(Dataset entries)
□ □ □ □ □ □ □
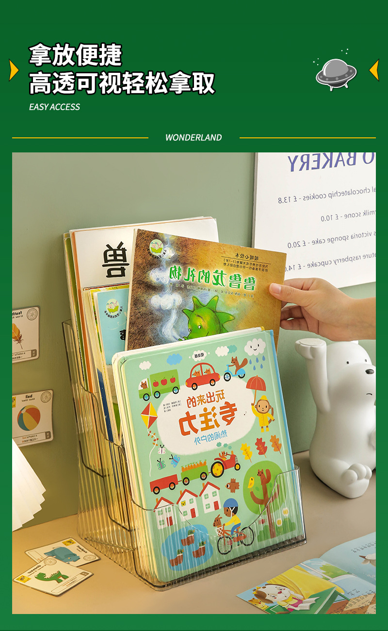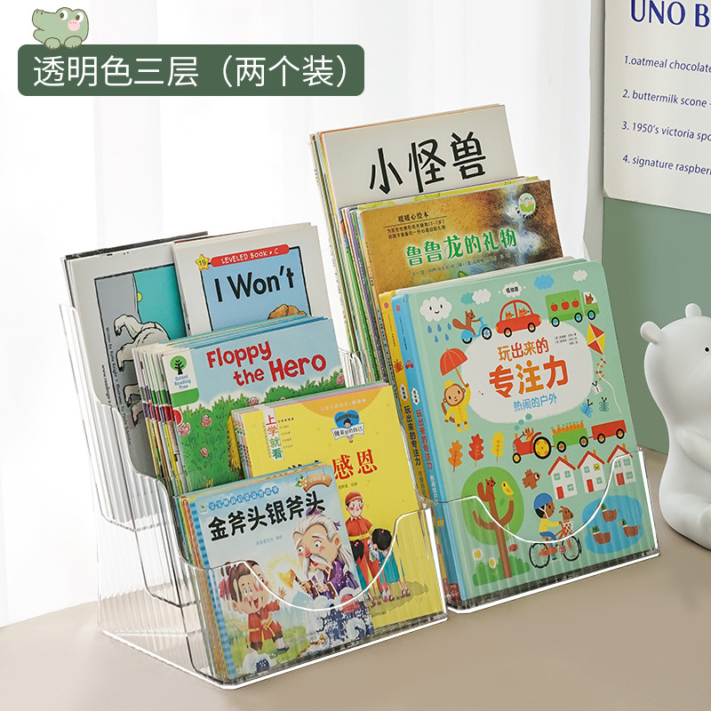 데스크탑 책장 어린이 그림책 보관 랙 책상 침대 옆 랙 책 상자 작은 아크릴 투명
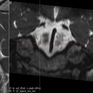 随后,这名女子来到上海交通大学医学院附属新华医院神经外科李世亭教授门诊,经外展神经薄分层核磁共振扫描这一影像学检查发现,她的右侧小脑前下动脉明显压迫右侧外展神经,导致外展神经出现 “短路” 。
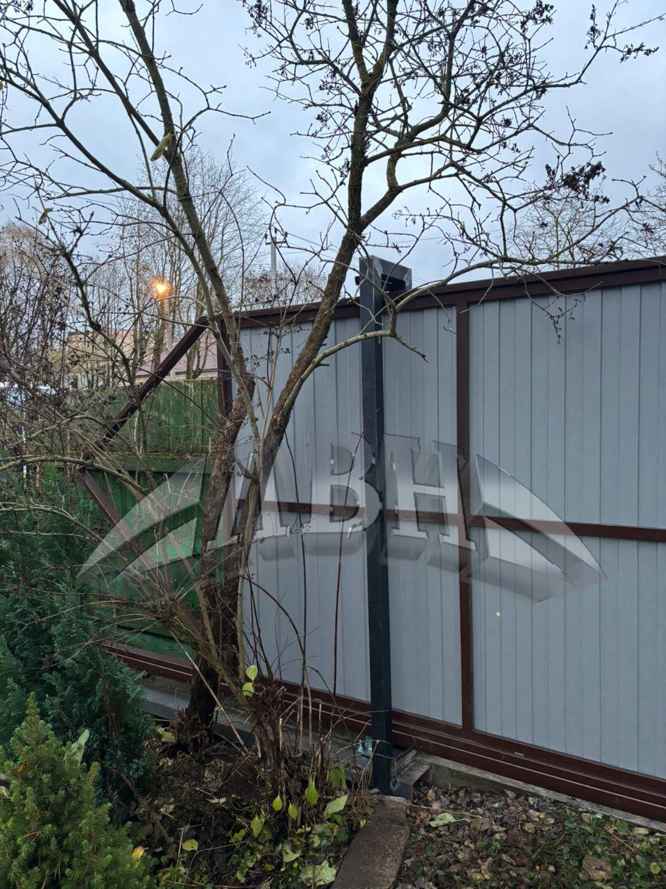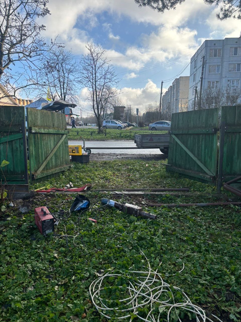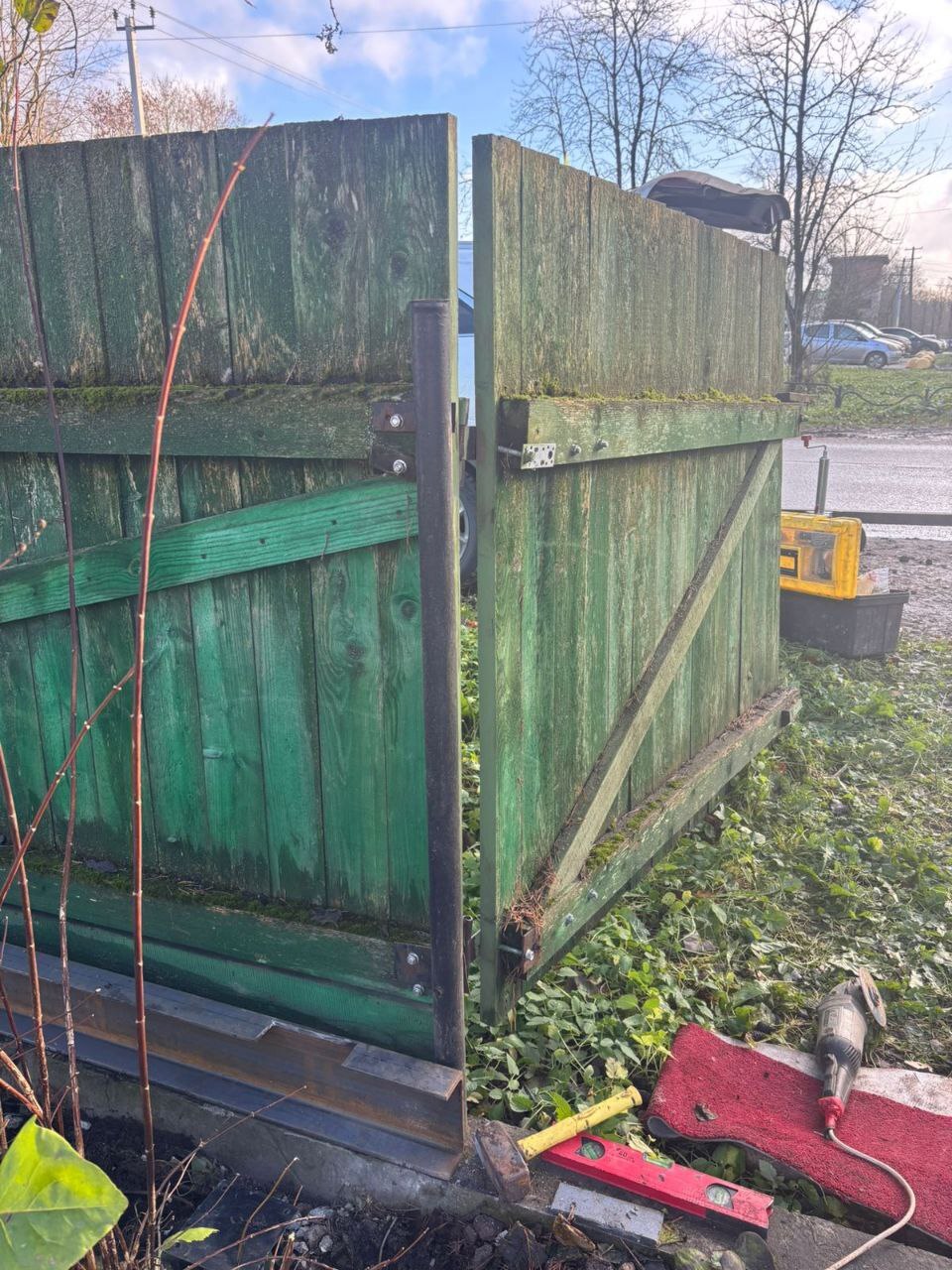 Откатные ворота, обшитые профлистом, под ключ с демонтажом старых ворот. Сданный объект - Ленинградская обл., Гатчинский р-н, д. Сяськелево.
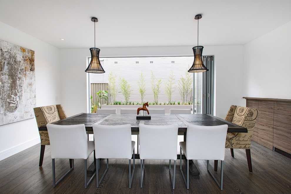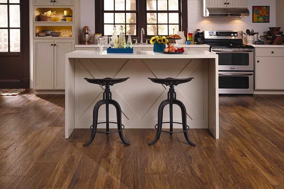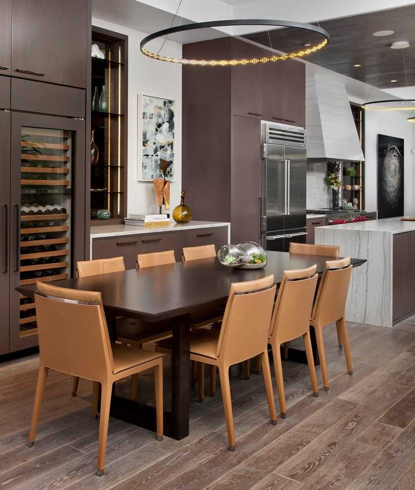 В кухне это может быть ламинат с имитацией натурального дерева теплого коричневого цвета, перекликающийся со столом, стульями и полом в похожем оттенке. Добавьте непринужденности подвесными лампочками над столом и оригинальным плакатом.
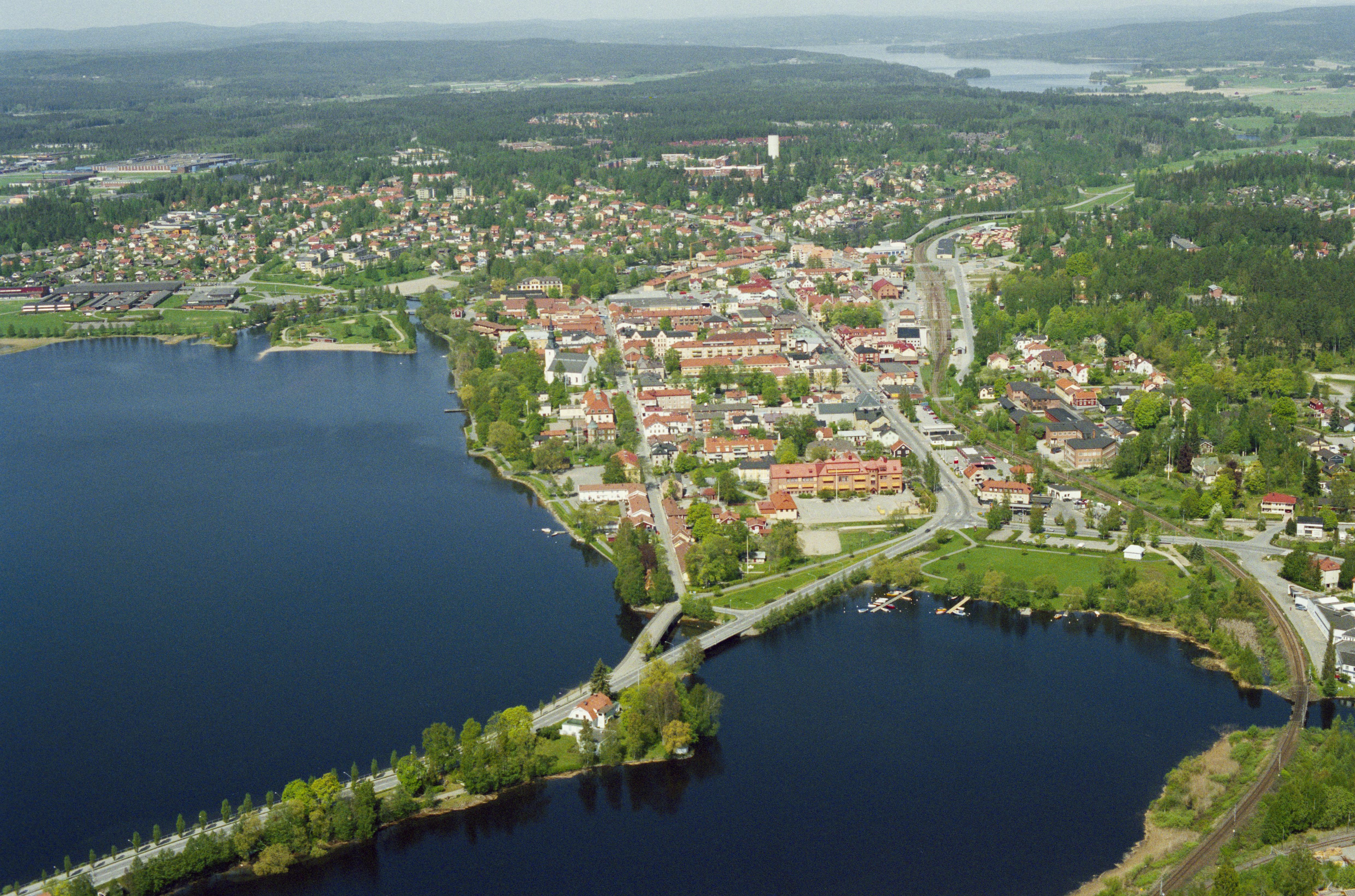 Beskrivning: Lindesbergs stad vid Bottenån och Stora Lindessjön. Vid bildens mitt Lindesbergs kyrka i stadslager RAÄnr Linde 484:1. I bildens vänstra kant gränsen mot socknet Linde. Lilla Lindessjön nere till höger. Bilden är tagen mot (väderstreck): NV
□ □ □ □ □ □ □
**TASK ITEM:**
What you return must be the entries above, exactly as they appear, without any pictures.

**TASK SOLUTION:**
 데스크탑 책장 어린이 그림책 보관 랙 책상 침대 옆 랙 책 상자 작은 아크릴 투명
 随后,这名女子来到上海交通大学医学院附属新华医院神经外科李世亭教授门诊,经外展神经薄分层核磁共振扫描这一影像学检查发现,她的右侧小脑前下动脉明显压迫右侧外展神经,导致外展神经出现 “短路” 。
 Откатные ворота, обшитые профлистом, под ключ с демонтажом старых ворот. Сданный объект - Ленинградская обл., Гатчинский р-н, д. Сяськелево.
 В кухне это может быть ламинат с имитацией натурального дерева теплого коричневого цвета, перекликающийся со столом, стульями и полом в похожем оттенке. Добавьте непринужденности подвесными лампочками над столом и оригинальным плакатом.
 Beskrivning: Lindesbergs stad vid Bottenån och Stora Lindessjön. Vid bildens mitt Lindesbergs kyrka i stadslager RAÄnr Linde 484:1. I bildens vänstra kant gränsen mot socknet Linde. Lilla Lindessjön nere till höger. Bilden är tagen mot (väderstreck): NV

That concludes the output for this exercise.